▶ [Data for this exercise]
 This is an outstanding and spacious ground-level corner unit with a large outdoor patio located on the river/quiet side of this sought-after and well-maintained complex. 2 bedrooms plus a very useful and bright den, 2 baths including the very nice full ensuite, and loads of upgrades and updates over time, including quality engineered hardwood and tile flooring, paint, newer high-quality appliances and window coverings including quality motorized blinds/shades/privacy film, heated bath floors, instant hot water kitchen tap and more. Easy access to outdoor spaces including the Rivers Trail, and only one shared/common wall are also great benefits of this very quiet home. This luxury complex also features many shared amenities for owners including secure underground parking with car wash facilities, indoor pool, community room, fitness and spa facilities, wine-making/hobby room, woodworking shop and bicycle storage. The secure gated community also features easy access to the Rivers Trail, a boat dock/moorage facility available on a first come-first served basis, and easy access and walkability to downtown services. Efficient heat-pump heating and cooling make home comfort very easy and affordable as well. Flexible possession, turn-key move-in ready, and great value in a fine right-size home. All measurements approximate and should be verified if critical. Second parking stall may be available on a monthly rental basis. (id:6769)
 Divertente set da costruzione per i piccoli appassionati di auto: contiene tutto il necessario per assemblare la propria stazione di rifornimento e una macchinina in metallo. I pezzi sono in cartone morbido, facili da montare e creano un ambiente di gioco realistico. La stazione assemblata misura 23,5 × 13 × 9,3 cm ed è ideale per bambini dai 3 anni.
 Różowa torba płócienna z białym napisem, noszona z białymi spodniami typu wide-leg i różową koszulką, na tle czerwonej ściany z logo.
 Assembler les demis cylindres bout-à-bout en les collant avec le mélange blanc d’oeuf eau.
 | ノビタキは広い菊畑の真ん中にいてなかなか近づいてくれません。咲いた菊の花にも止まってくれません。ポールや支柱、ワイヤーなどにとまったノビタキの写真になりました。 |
--
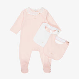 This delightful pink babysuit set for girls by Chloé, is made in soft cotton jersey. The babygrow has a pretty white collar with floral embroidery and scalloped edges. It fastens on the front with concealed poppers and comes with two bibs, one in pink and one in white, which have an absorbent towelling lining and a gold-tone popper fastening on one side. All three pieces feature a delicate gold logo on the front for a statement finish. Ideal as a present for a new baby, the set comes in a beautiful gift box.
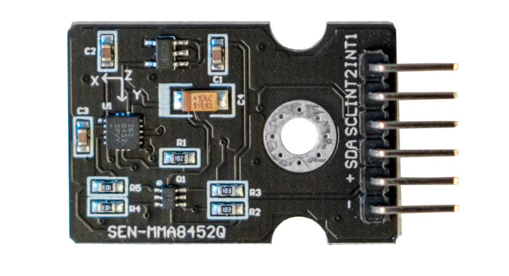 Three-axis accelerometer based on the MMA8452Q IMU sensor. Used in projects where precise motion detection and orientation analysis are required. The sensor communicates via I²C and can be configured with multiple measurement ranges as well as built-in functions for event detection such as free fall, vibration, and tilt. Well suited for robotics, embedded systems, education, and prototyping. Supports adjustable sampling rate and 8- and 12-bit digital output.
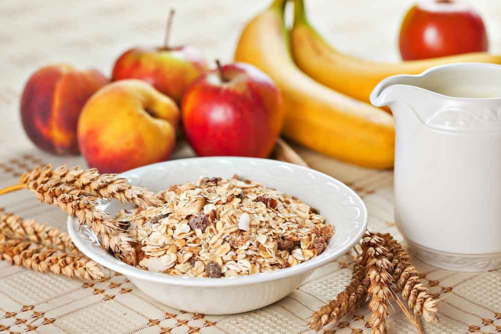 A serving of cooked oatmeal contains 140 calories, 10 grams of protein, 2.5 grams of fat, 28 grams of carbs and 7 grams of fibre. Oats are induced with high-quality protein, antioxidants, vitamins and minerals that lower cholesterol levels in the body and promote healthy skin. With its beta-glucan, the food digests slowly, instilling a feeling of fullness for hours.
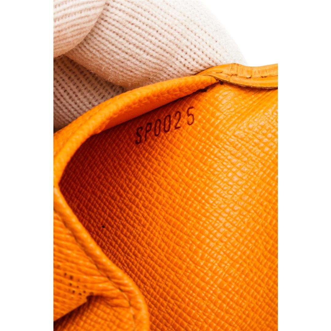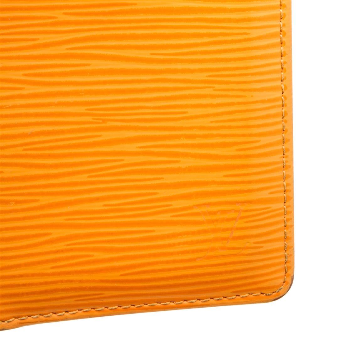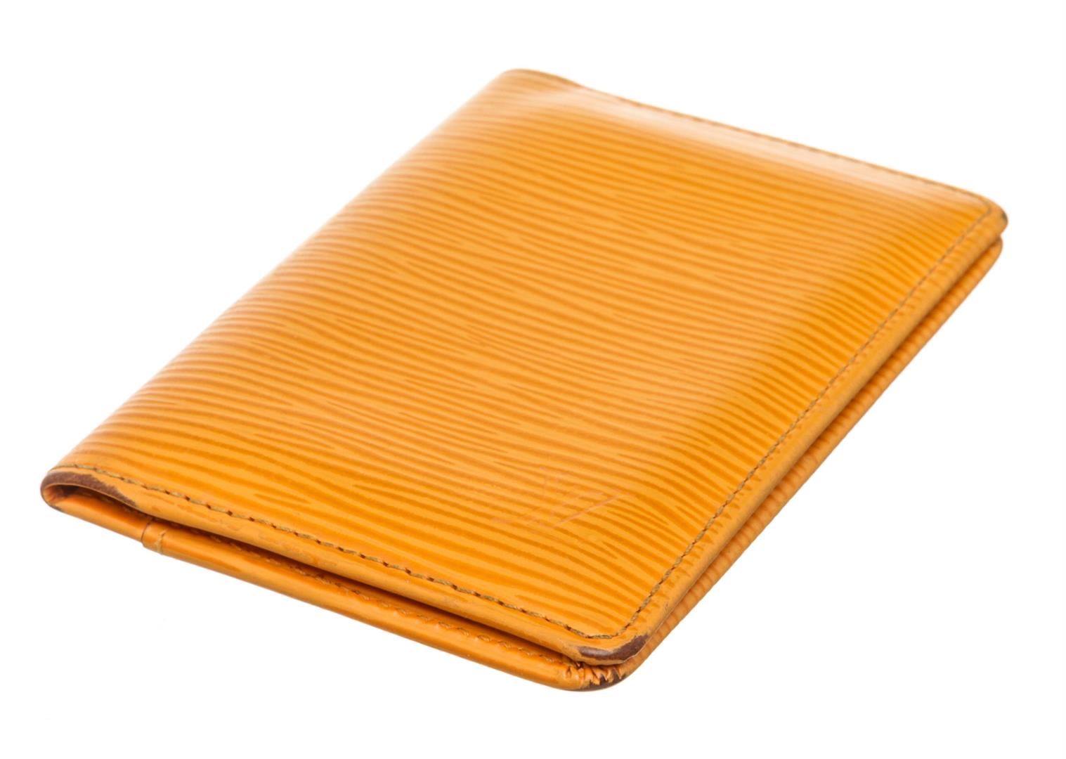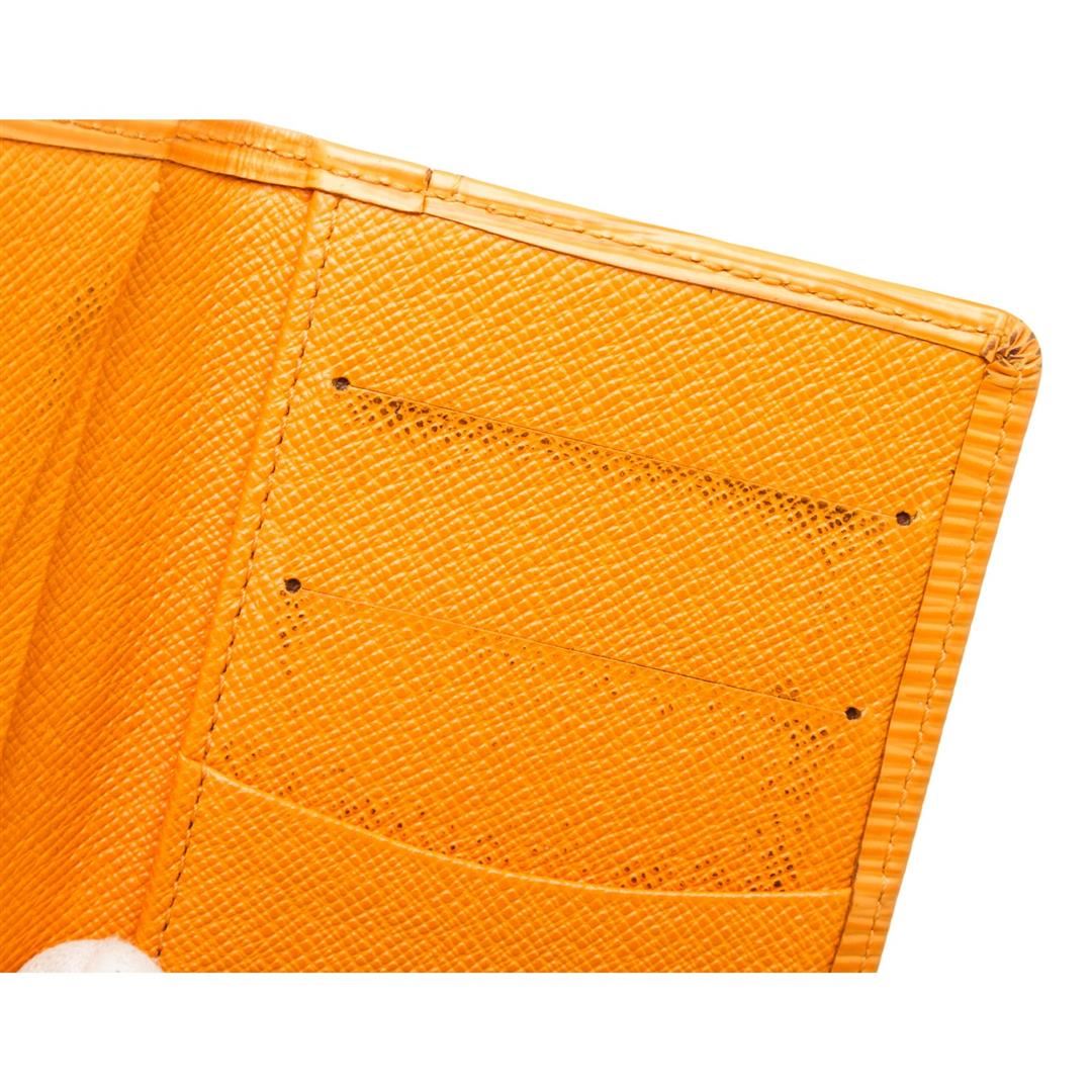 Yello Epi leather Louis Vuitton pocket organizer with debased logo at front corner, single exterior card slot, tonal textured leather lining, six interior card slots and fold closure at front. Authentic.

▶ [Work to complete] What you return must match, character for character, the lines above from the one with "This delightful pink" through the one with "Yello Epi leather", minus any pictures.

▶ [Exercise solution]
 This delightful pink babysuit set for girls by Chloé, is made in soft cotton jersey. The babygrow has a pretty white collar with floral embroidery and scalloped edges. It fastens on the front with concealed poppers and comes with two bibs, one in pink and one in white, which have an absorbent towelling lining and a gold-tone popper fastening on one side. All three pieces feature a delicate gold logo on the front for a statement finish. Ideal as a present for a new baby, the set comes in a beautiful gift box.
 Three-axis accelerometer based on the MMA8452Q IMU sensor. Used in projects where precise motion detection and orientation analysis are required. The sensor communicates via I²C and can be configured with multiple measurement ranges as well as built-in functions for event detection such as free fall, vibration, and tilt. Well suited for robotics, embedded systems, education, and prototyping. Supports adjustable sampling rate and 8- and 12-bit digital output.
 A serving of cooked oatmeal contains 140 calories, 10 grams of protein, 2.5 grams of fat, 28 grams of carbs and 7 grams of fibre. Oats are induced with high-quality protein, antioxidants, vitamins and minerals that lower cholesterol levels in the body and promote healthy skin. With its beta-glucan, the food digests slowly, instilling a feeling of fullness for hours.
 Yello Epi leather Louis Vuitton pocket organizer with debased logo at front corner, single exterior card slot, tonal textured leather lining, six interior card slots and fold closure at front. Authentic.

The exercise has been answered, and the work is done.